Dagstuhl Seminar 17461: Connecting Visualization and Data Management Research

Dagstuhl Seminar 17461

Connecting Visualization and Data Management Research

( Nov 12 – Nov 17, 2017 )

(Click in the middle of the image to enlarge)

Permalink

Please use the following short url to reference this page: https://www.dagstuhl.de/17461

Organizers

Remco Chang (Tufts University - Medford, US)
Jean-Daniel Fekete (INRIA Saclay - Orsay, FR)
Juliana Freire (New York University, US)
Carlos E. Scheidegger (University of Arizona - Tucson, US)

Contact

Michael Gerke (for scientific matters)
Susanne Bach-Bernhard (for administrative matters)

Publications

Connecting Visualization and Data Management Research (Dagstuhl Seminar 17461). Remco Chang, Jean-Daniel Fekete, Juliana Freire, and Carlos E. Scheidegger. In Dagstuhl Reports, Volume 7, Issue 11, pp. 46-58, Schloss Dagstuhl - Leibniz-Zentrum für Informatik (2018)

Impacts

Schedule

Schedule

Motivation

Show Motivation

What prevents analysts from acquiring wisdom from data sources? To use data, to better understand the world and act upon it, we need to understand both the computational and the human-centric aspects of data-intensive work. In this Dagstuhl Seminar, we will establish the foundations for the next generation of data management and visualization systems by bringing together these two largely independent communities. While exploratory data analysis (EDA) has been a pillar of data science for decades, maintaining interactivity during EDA has become difficult, as the data size and complexity continue to grow. In modern day statistical systems, it is assumed that all data need to fit into memory in order to support interactivity. However, when faced with a large amount of data, few techniques can support EDA fluidly. During this process, interactivity is critical: if each operation takes hours or even minutes to finish, analysts lose track of their thought process. Bad analyses cause bad interpretations, bad actions and bad policies.

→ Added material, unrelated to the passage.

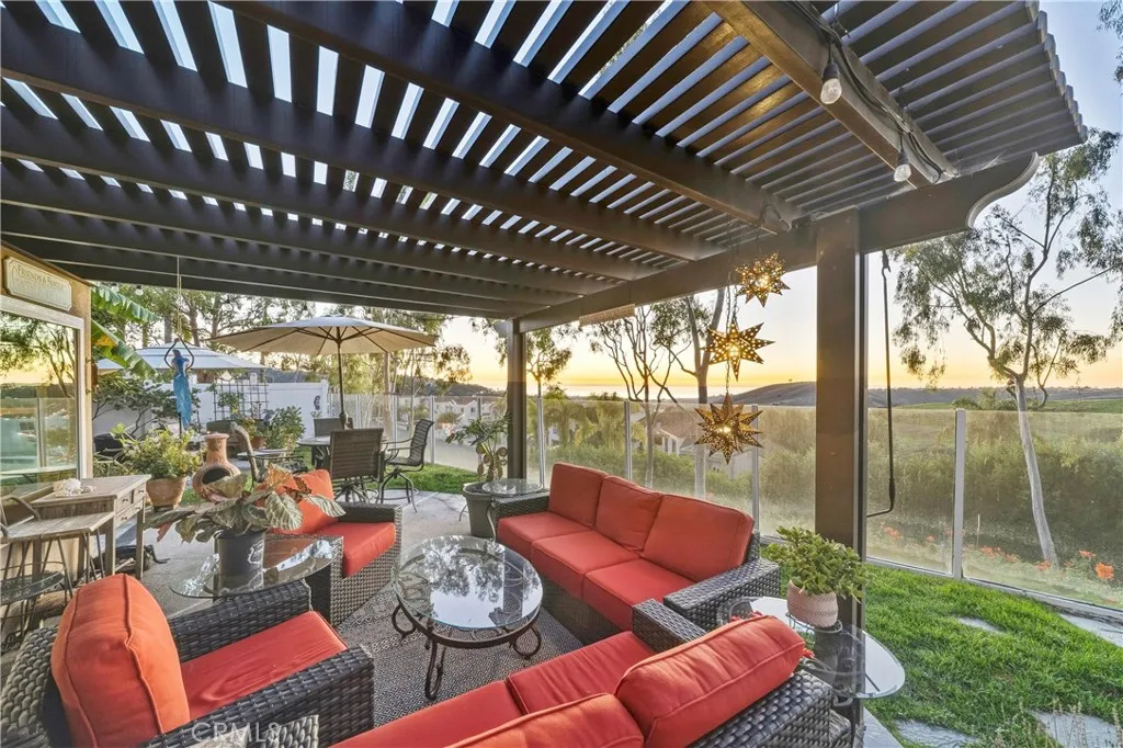 A truly exceptional opportunity is this meticulously enhanced, single-level residence, with panoramic ocean, sunset and Catalina Island views. This property represents a rare offering of coastal sophistication and tranquility. Showcasing a synthesis of style and comfort throughout, at the heart of the home, is a commanding great room that encompasses a updated chef’s kitchen with granite countertops and upgraded appliances, a spacious and inviting dining area and a grand living room, all designed to capture breathtaking, sit-down ocean vistas. The primary suite provides a private sanctuary with its own gorgeous ocean and Catalina views, is generously proportioned and features a luxurious upgraded, spa-inspired ensuite adorned with a dual sink granite vanity and great natural light. An ample walk-in closet completes the primary suite. The guest bedroom has great space and light, and the guest bath also has that spa-inspired touch with warm granite counters. The interiors open graciously to a private, expansive wraparound rear yard creating seamless indoor-outdoor living. Here, the meticulously landscaped grounds and custom clear acrylic fencing provide a serene backdrop for the shimmering Pacific Ocean and the majestic outline of Catalina Island resting beyond the hills. Exquisite exterior details begin at the gated courtyard entry, featuring elegant flagstone and bullnosed brickwork, providing a charming yet secure welcome. The property is completed by a two-car-attached garage, fitted with custom rollup doors. Thoughtful design is evident in the excellent abundance of storage including closet spaces and custom storage solutions integrated throughout the home. Located in the “Spanish village by the sea,” this residence offers access to the quintessential southern California lifestyle. The property is mere minutes from San Clemente’s finest beaches, renowned for their world-class surfing and pristine sands, as well as the historic pier. The surrounding area boasts award-winning schools, lush parks, exceptional golf courses, and a vibrant downtown area featuring unique shopping and dining experiences. Situated within the desirable Villagio community, residents benefit from no Mello Roos and low HOA dues, enhancing the overall value proposition of this exceptional home. This exquisite property, where pride of ownership is evident, is an absolute must-see for discerning single-level, ocean-view buyers seeking an unparalleled coastal retreat. Welcome home.
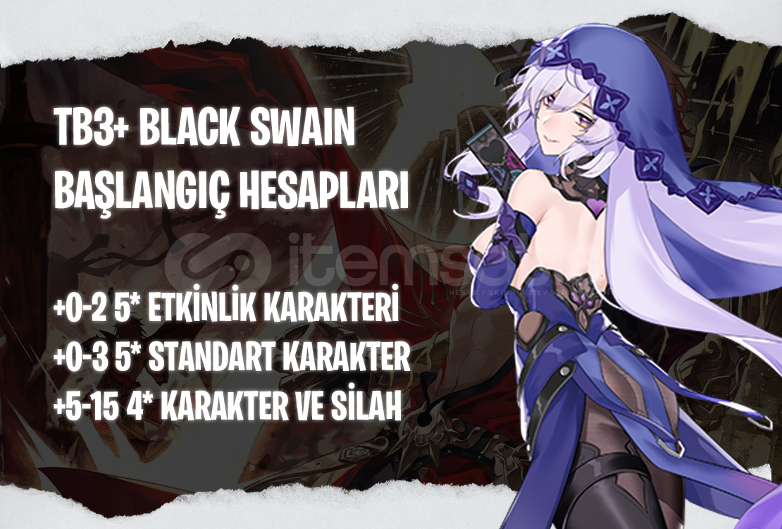 Bu ilanı satın aldığınızda TB3+ seviyesinde içerişinde Blac Swan bulunan bir hesap tarafınıza iletilecektir.Hesapların içerişinde 0-3 adet 5* standart karakter içerebilir.Hesapların içerişinde bir miktar Steallar Jade bulunabilir.Tüm hesaplarımız garantilidir  ve alım sonras eposta veya kullanıcı adı ş...

As data scale and complexity increases, the novel solutions that will ultimately enable interactive, large-scale EDA will have to come from truly interdisciplinary and international work. Today, database researchers can store and query massive amounts of data, including methods for distributed, streaming and approximate computation. Data mining techniques provide ways to discover unexpected patterns and to automate and scale well-defined analysis procedures. Recent systems research has looked at how to develop novel database systems architectures to support the iterative, optimization-oriented workloads of data-intensive algorithms. Of course, both the inputs and outputs of these systems are ultimately driven by people, in support of analysis tasks. The life-cycle of data involves an iterative, interactive process of determining which questions to ask, the data to analyze, appropriate features and models, and interpreting results. In order to achieve better analysis outcomes, data processing systems require improved interfaces that account for the strengths and limitations of human perception and cognition. Meanwhile, to keep up with the rising tide of data, interactive visualization tools need to integrate more techniques from databases and machine learning.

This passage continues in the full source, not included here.